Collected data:
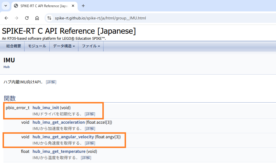 SPIKE-RTの場合、ジャイロセンサーと呼ばず、IMU(Inertial Measurement Unit:慣性計測ユニット)と呼んでいます。
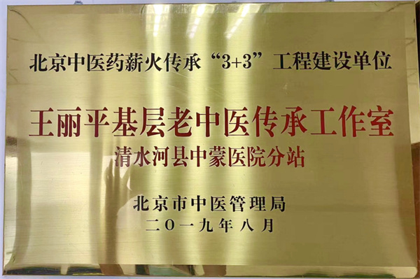 2019年8月,在北京市中医药管理局支持下,“王丽平基层老中医传承工作室清水河中蒙医院分站”于呼和浩特市清水河县挂牌成立。王丽平团队多次赴清水河县开展授课、出诊及带教帮扶,成果显著,于2023年、2024年连续荣获北京市中医药管理局、呼和浩特市人民政府及卫健委授予的先进集体与优秀个人称号。
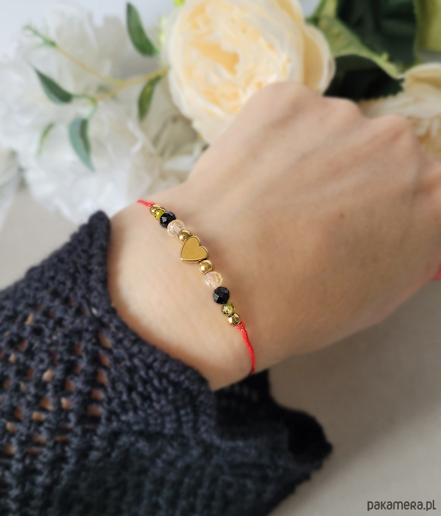 Delikatna minimalistyczna bransoletka zrobiona z kamieni naturalnych: Turmalinu czarnego, Cytrynu, Hematytu w kolorze złotym oraz Cyrkonii na czerwonym sznurku.
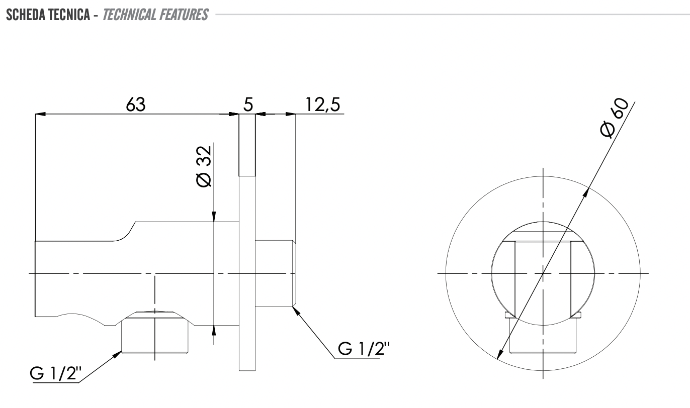 Смесители Remer Rubinetterie Италия Держатель ручного душа с подключением шланга Remer 337MXV, сталь 337MXV
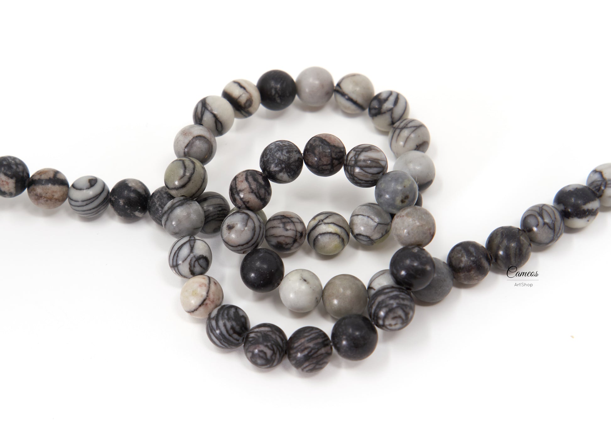 Black Silk Netstone Beads, Natural Gemstone Beads, Round Loose Stone Beads For Jewelry Making 8mm, 8mm Black and White Beads, Beading Supplies
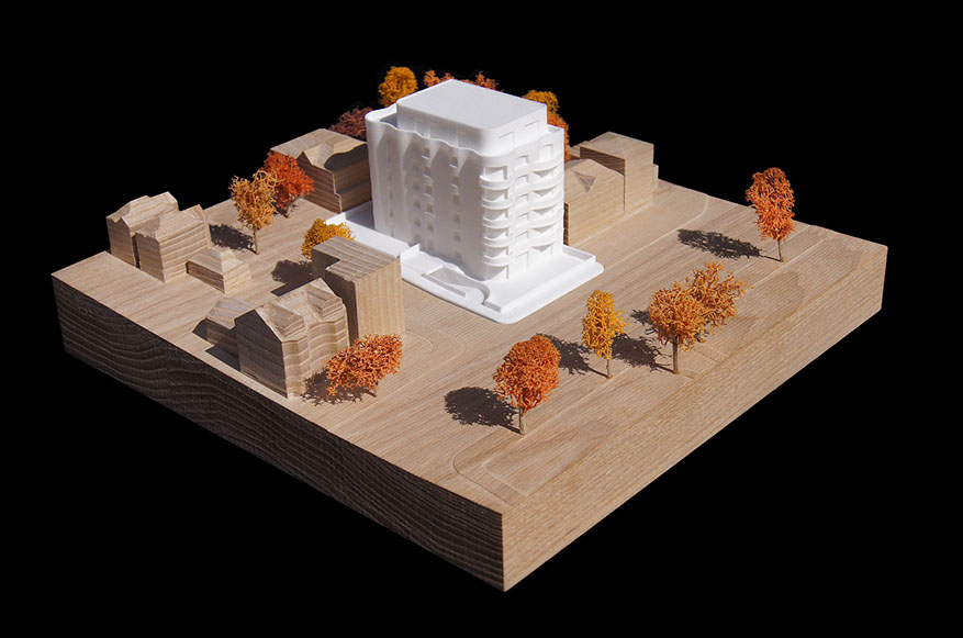 The corner is rounded to follow the geometry and indicates the prominence of the position of the building in the city block. All 12 flats benefit from balconies and view over the park.
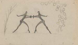 B. BURGER (1892-1968), Skizzen eines fechtenden Jungen, Bleistift Jugendstil
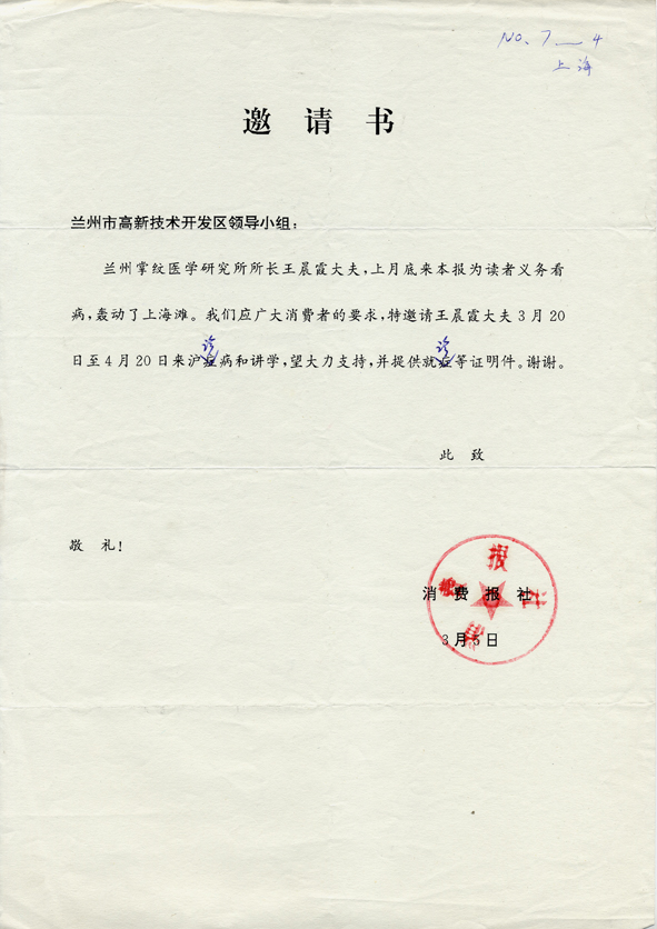 1994年3月21日——4月20日,王晨霞应上海消费报社之邀在上海讲学诊病。
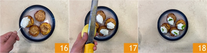Con la ayuda de 2 cucharitas, da forma de quenelle a la crema para distribuir un poco en cada melocotón relleno 16. Ralla nuevamente un poco más de cáscara de limón si lo deseas 17 y decora con hojas de menta 18. ¡Los melocotones rellenos en freidora de aire están listos para ser disfrutados!
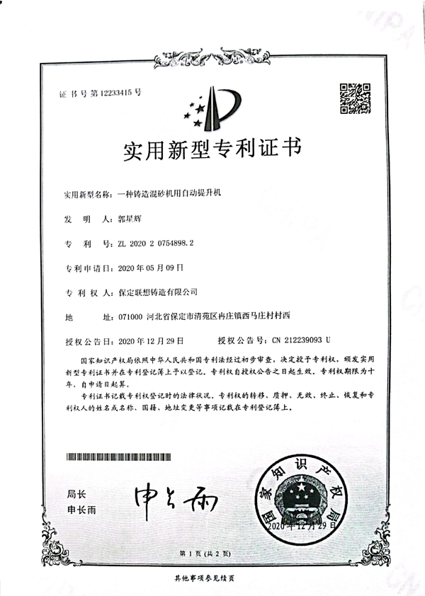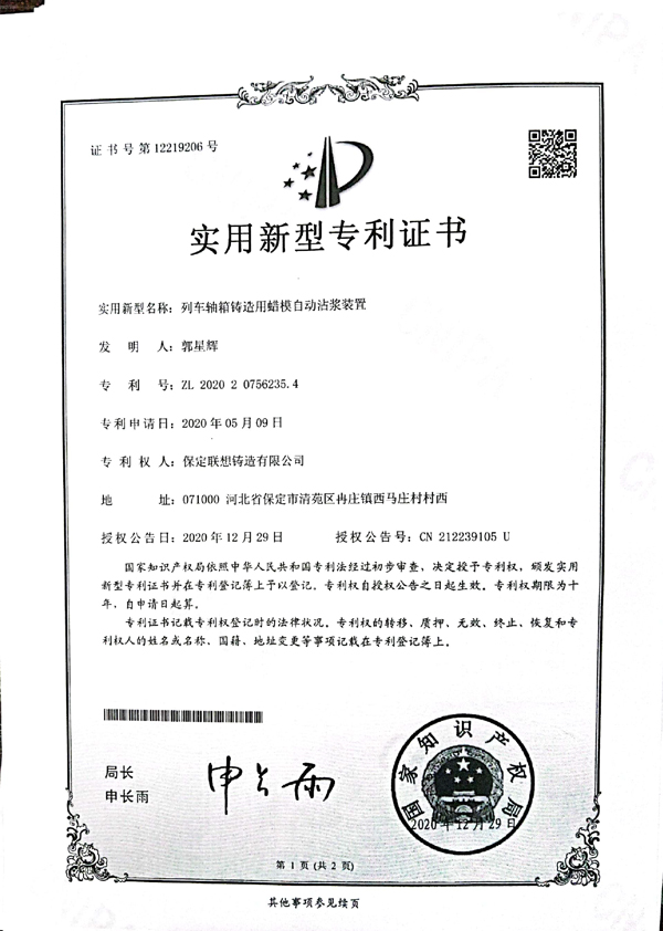 Patent certificate
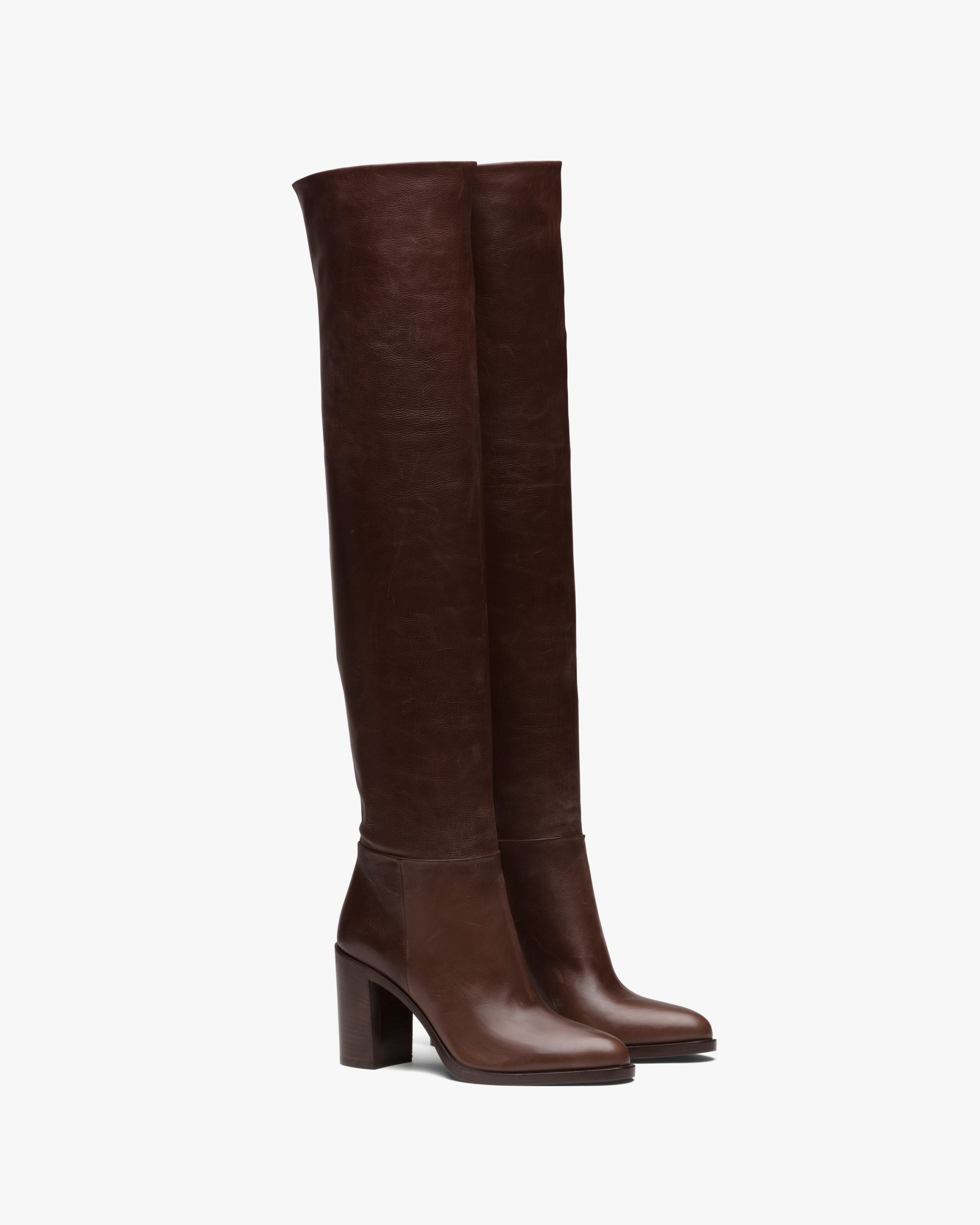 These soft leather boots with a distinctive silhouette are characterized by the leather and rubber monobloc sole.
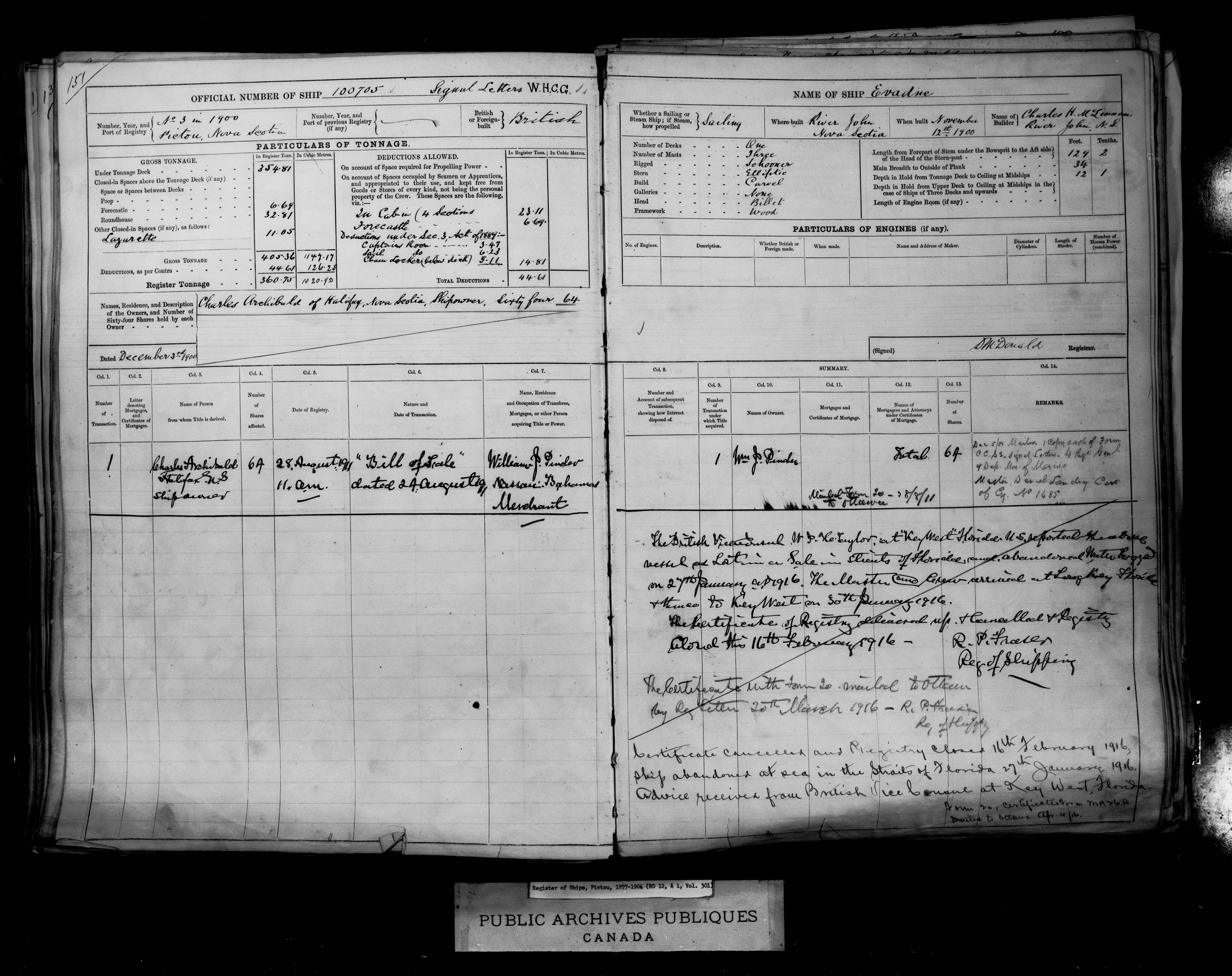 Pictou, N. S. Shipping Registers, 1867-1904 - 1722

▸ **EXERCISE PROMPT**:
Reproduce the lines from the one holding "Patent certificate" through the end of the entries above exactly, keeping both ends and dropping every picture.

▸ **TASK RESPONSE**:
 Patent certificate
 These soft leather boots with a distinctive silhouette are characterized by the leather and rubber monobloc sole.
 Pictou, N. S. Shipping Registers, 1867-1904 - 1722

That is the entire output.